For elderly patients, a potential benefit–risk consideration for the DMTs dimethyl fumarate, teriflunomide, fingolimod, alemtuzumab, and ocrelizumab is their variable effect on lymphocyte counts, which occur as a consequence of their on- or off-target pharmacology (Table 2). In elderly patients, age-related immunosenescence, characterized by diminished levels and functionalities of B and T lymphocytes, may lead to a theoretically greater likelihood of lymphopenia with these DMTs [123]. One also could hypothesize that elderly patients would be less likely to experience breakthrough MS activity for the same reason. Hence, older age affects the benefit–risk ratio of DMTs and acts as a prompt for neurologists to consider hematologic monitoring when making prescribing decisions.

Progress toward development of pharmacogenetics- and biomarker-based approaches to individualize treatments according to patient and DMT characteristics is in its infancy [124, 125]. In the meantime, other factors on which to base these decisions include patient preferences, lifestyle and beliefs, comorbidities and concomitant medications, immunization status, family planning, and age. The first three factors have a profound influence on adherence to medication; poor adherence predisposes the patient to suboptimal clinical, neuroradiologic, health-related quality of life, and pharmacoeconomic outcomes [126,127,128,129,130,131].

Conclusions

The topics raised in our review also are emphasized in initial draft guidelines for the treatment of MS drawn up by the European Academy of Neurology, European Committee for Treatment and Research in Multiple Sclerosis, and American Academy of Neurology [132, 133]. Because both documents are highly data driven, there is no recommendation provided for selecting one DMT over another. Instead, the appropriate choice of DMT is the one that the practicing neurologist rationalizes will provide the level of efficacy warranted by the recent disease activity, balanced by patient safety and preferences.
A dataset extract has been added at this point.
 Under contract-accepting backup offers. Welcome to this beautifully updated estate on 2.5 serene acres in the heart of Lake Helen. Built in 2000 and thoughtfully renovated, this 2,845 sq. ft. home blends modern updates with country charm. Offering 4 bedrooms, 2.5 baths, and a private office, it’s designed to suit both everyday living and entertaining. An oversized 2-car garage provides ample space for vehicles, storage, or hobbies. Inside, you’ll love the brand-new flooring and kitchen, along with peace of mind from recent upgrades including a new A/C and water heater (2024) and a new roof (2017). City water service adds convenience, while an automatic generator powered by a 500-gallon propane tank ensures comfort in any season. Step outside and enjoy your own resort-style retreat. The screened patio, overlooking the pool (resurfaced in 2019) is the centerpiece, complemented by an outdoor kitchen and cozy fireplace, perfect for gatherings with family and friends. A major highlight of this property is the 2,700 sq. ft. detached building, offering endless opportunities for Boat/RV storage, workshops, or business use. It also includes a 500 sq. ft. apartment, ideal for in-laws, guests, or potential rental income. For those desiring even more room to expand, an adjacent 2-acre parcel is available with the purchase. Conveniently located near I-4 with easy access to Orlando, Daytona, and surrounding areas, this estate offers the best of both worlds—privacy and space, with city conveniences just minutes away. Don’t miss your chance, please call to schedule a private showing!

The long-term immunologic and safety risks of sequencing multiple therapies are still unknown. Prescribing DMTs in RMS depends on a thorough benefit–risk analysis, which is inconclusive if the patient’s characteristics are not reflective of clinical trial populations, and if the long-term effects of DMT in the clinical practice setting are unknown. Prospective industry-sponsored switching studies, patient registries, and robust analysis of real-world data are needed to collect data tailored to the therapeutic agent and various patient scenarios. Until such evidence-based medical information is available, decisions on sequencing DMTs for RMS will depend heavily on the clinical acumen of the neurologist. In the meantime, sequencing the most appropriate therapies for patients with RMS is usually determined by a combination of factors such as disease activity, patient-related factors, and drug-related factors (e.g., pharmacodynamic profile).
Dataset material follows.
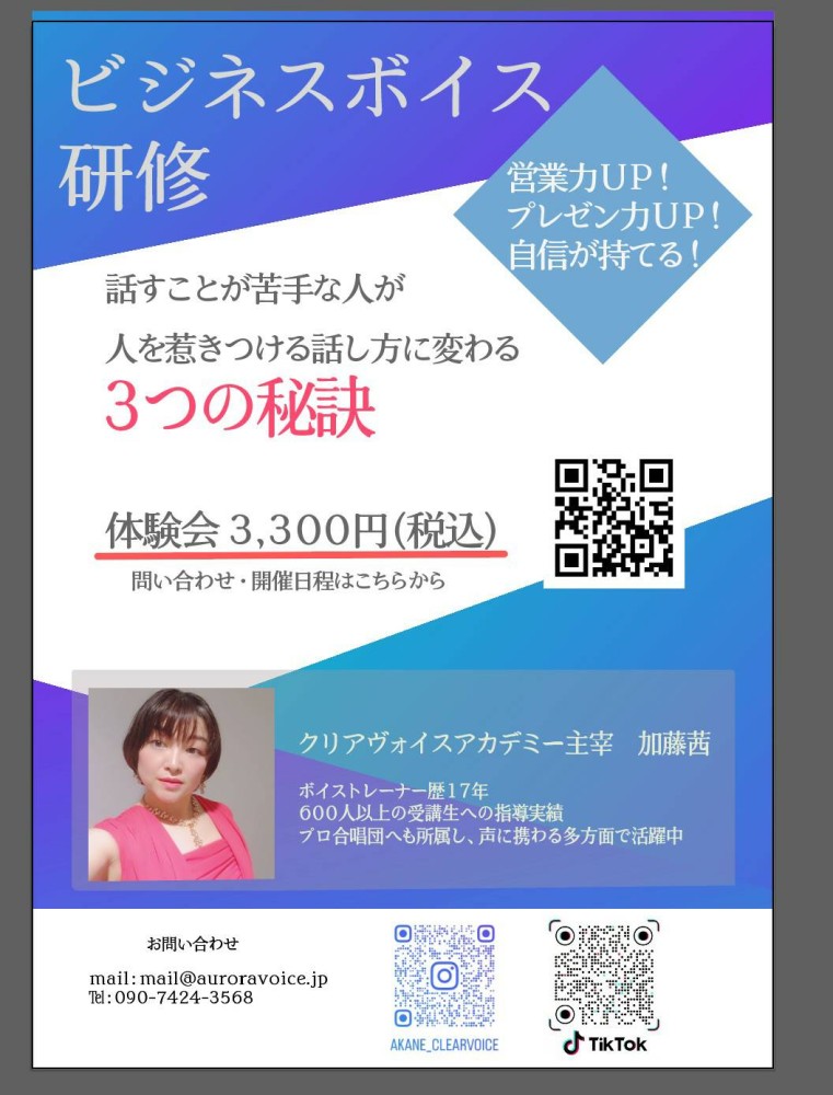 ビジネスボイス研修もしているので是非ご参加ください。

Treatment should be selected to address the immediate clinical issue, and to keep alternative therapeutic options available for later-line therapies. This consideration is particularly important early on in the disease course and even more relevant in today’s therapeutic landscape, which includes DMT options with potentially long-lasting effects on the immune system that can persist for months or even years following discontinuation of therapy. Patients should be made aware of these issues so that a shared care decision can be reached, which is driven by matching the level of risk a patient is willing to accept with their prognostic factors.